Defendants next argue that Plaintiff's “unilateral scheduling of depositions, knowing that the attorneys are not available, is not proper notice.” (Mot. 5, 8.) However, Rule 30 requires only the following: “A party who wants to depose a person by oral questions must give reasonable written notice to every other party. The notice must state the time and place of the deposition and, if known, the deponent's name and address.” Fed. R. Civ. P. 30(b)(1). With respect to notice, courts in this Circuit have found that “a week to ten day notice is reasonable where the party is seeking a deposition without the production of documents.” Reddy v. Precyse Solutions LLC, No. 1:12-cv-02061-AWI-SAB, 2015 U.S. Dist. LEXIS 67887, at *8 (E.D. Cal. May 26, 2015) (listing cases). Here, Plaintiff's notices of deposition named the Defendant sought to be deposed, stated the date and time of each deposition, provided that the depositions would proceed via the Zoom videoconferencing platform, and were addressed to Defendants' counsel of record. (Pl.'s Exs. 1–3.) Plaintiff provided eleven days' notice to Defendant Rinelli, twelve days' notice to Defendant Mills, and thirteen days' notice to Defendant Abrams. Defendants do not cite any legal authority to support their argument that Plaintiff's “unilateral scheduling” of depositions rendered the notices invalid (see generally Mot.), and the Court is aware of none. See Comcast, 2003 U.S. Dist. LEXIS 18640, at *6 (“The party who resists discovery has the burden to show discovery should not be allowed,” as well as “the burden of clarifying, explaining, and supporting its objections.” (citing Blankenship v.

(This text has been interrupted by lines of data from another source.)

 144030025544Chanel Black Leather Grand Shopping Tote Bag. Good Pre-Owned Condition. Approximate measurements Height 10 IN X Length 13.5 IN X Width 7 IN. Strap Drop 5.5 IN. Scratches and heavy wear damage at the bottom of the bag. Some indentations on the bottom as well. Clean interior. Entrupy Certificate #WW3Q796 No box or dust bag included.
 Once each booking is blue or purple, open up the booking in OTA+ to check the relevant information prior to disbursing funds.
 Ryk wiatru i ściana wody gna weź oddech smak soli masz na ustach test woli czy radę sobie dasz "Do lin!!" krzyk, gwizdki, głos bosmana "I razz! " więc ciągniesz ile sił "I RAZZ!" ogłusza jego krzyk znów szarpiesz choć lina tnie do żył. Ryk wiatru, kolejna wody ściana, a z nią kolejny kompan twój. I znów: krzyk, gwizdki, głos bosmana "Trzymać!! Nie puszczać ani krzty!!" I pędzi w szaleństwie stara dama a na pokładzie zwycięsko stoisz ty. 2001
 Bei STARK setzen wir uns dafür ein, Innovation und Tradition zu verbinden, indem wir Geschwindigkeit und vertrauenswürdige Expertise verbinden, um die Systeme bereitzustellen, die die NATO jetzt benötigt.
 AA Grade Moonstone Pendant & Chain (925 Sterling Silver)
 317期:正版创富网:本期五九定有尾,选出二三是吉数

Hearst Corp., 519 F.2d 418, 429 (9th Cir. 1975))). And Defendants have not provided any factual support or explanation for their contention that they or their counsel were unavailable for depositions on July 27, 28, and 29, 2021, or any evidence that they notified Plaintiffs of such unavailability or that Plaintiffs otherwise were aware of it. (See generally Mot.; see also Pl.'s Exs. 4–6.) On this basis, the Court concludes this argument also is without merit.

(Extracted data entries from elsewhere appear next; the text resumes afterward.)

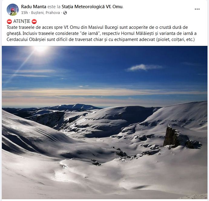 Foarte importanta, fiindca vine week-end-ul este atentionarea celor care locuiesc in varful Bucegilor.
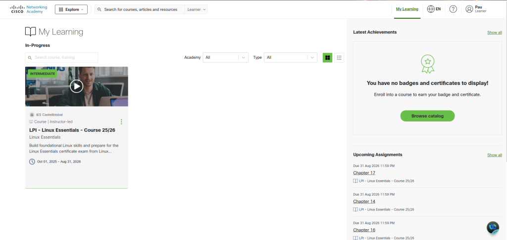Finalment, al donar clic a “Iniciar sessió” entrarem a la nostra pàgina personal de Netacad.
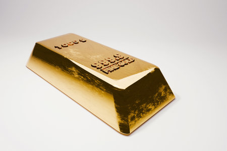 Golden bar. single large gold bullion bar (1000g, 999.9 fine gold) viewed at an angle on a clean white surface. Represents investment, wealth, reserve, security, and banking assets.
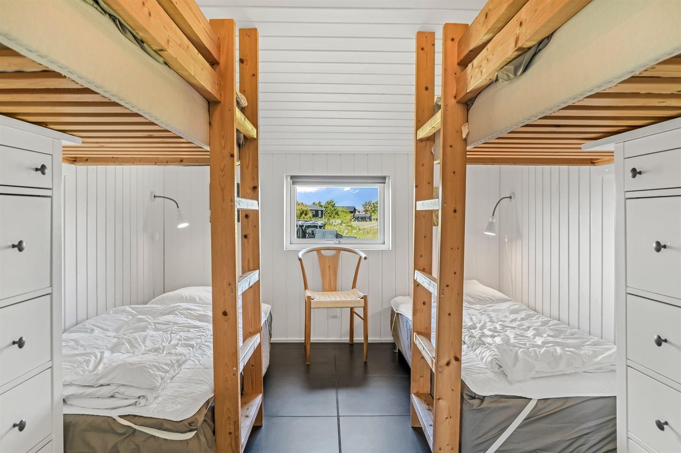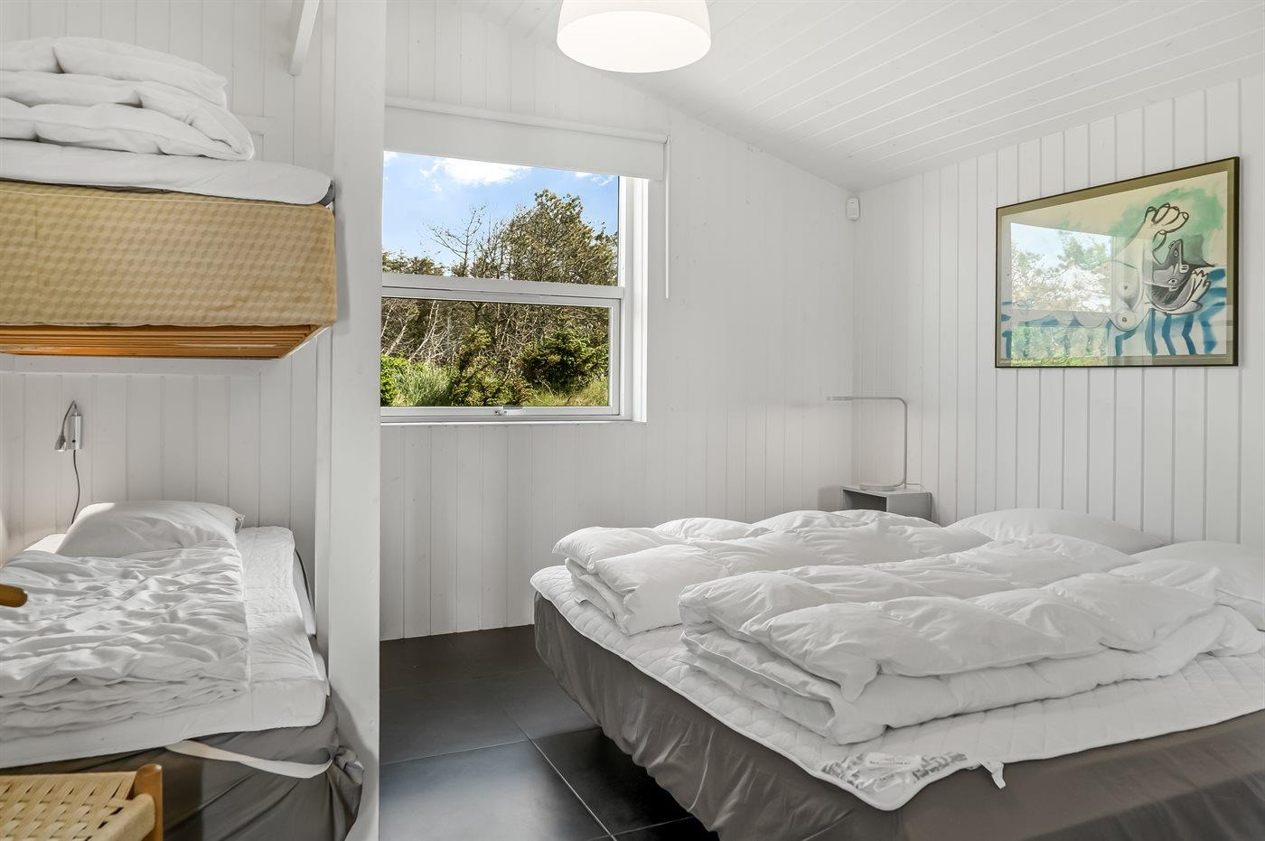 Der er i alt 4 soveværelser. Sovepladserne fordeler sig på: 6 sovepladser i dobbeltsenge. 6 sovepladser i køjesenge.- 2 af disse sovepladser befinder sig i et anneks.
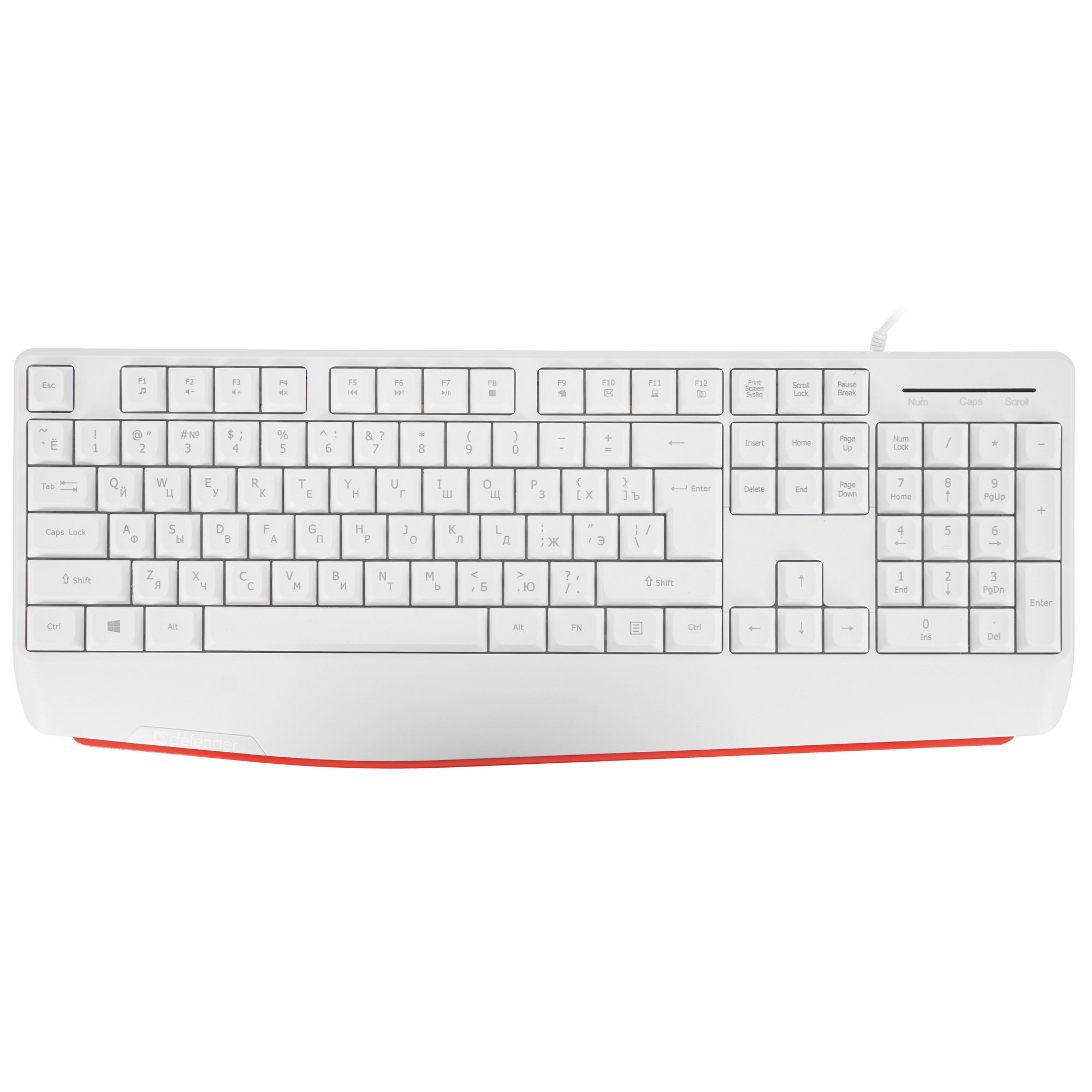 Клавиатура проводная Defender Atom HB-546 [45547] - удобная и стильная проводная офисная клавиатура со встроенной подставкой под запястье. У модели предусмотрены резиновые накладки на ножки для предотвращения скольжения по поверхности стола, классическая раскладка и горячие клавиши для управления мультимедийными программами.

*6 Next, Defendants appear to argue that Plaintiff canceled the scheduled depositions. (Mot. 8–9.) However, it is clear that Plaintiff did not cancel the July 27, 28, or 29 depositions at issue. First, Plaintiff expressly stated in an email days before the depositions were to go forward that she was not cancelling the depositions. (Pl.'s Ex. 7 at 34.) Second, Plaintiff emailed each Defendant the day before his or her deposition was scheduled, providing the Zoom link for the following morning's deposition. (See Pl.'s Exs. 9–11.) Finally, Plaintiff's counsel appeared at the depositions and obtained deposition transcripts and Affidavits of Non-Appearance for each of these dates noting Defendants' respective failures to appear. (See Pl.'s Exs. 12–14.) The fact that Plaintiff later canceled the depositions of Defendants Cynthia Wooten and Robin Armstrong (see Mot. 10; Defs.' Ex. 1, ECF No. 176-2, at 9), has no bearing on the instant Motion because those depositions are not at issue. Accordingly, the Court concludes this argument is without merit.

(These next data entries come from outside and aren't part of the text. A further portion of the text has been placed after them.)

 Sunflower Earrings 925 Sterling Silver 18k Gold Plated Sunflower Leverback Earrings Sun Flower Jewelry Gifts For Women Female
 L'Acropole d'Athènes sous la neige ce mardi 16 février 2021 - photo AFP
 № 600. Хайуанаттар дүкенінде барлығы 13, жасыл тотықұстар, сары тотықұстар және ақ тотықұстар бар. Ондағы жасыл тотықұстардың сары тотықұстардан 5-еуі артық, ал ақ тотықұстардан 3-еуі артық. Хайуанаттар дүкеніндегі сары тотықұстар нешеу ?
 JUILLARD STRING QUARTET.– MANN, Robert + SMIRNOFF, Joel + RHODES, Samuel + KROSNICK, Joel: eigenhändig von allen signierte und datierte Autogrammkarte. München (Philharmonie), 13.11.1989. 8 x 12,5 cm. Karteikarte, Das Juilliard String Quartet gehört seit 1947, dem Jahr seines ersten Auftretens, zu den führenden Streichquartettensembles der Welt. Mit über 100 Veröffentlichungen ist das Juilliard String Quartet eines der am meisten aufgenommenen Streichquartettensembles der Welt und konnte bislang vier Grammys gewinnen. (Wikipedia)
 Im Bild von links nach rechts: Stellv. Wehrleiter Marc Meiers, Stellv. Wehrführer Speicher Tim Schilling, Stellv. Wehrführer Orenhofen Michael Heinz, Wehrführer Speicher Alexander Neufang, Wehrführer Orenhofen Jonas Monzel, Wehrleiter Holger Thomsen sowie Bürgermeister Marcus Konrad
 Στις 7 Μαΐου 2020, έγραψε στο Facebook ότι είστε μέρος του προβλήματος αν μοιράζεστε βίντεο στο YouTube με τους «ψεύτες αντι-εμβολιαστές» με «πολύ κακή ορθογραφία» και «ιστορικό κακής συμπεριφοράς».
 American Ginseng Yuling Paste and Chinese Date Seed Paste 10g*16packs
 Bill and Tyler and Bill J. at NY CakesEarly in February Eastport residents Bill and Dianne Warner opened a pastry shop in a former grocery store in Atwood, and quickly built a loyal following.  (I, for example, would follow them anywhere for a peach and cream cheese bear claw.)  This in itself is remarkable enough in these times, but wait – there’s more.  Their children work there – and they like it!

Next, Defendants argue that they have a “right to object” to their depositions and that their objections pointed out “numerous deficiencies.” (Mot. 9.) However, as Plaintiff correctly argues (Mot. 7–8), Defendants' service of objections was not sufficient to excuse their deposition attendance because Defendants failed to file a Rule 26(c) motion for a protective order. See Fed. R. Civ. P. 37(d)(2) (providing that a party's failure to appear at a deposition “is not excused on the ground that the discovery sought was objectionable, unless the party failing to act has a pending motion for a protective order under Rule 26(c)”); Koninklijke Phillips Elecs. N.V. v. KXD Tech., Inc., No. 2:05-cv-01532-RLH-GWF, 2007 U.S. Dist. LEXIS 100969, at *49 (D. Nev. Oct. 2, 2007) (“[I]f the noticing party refuses to reschedule a properly noticed deposition, it is incumbent on the party whose deposition is noticed to move for a protective order.”); see also Finlander v. L.A. Unified Sch. Dist., No. CV 05-6847 PA (Ex), 2007 U.S. Dist. LEXIS 117580, at *53–54 (C.D. Cal. Mar. 19, 2007) (“Failure to seek a protective order is evidence that the party failing to respond to discovery requests has ‘engaged in a calculated course of conduct.’ ” (quoting Commodity Futures Trading Comm'n v. Noble Metals Int'l, Inc., 67 F.3d 766, 771 (9th Cir. 1995))). On this basis, the Court concludes that this argument is without merit.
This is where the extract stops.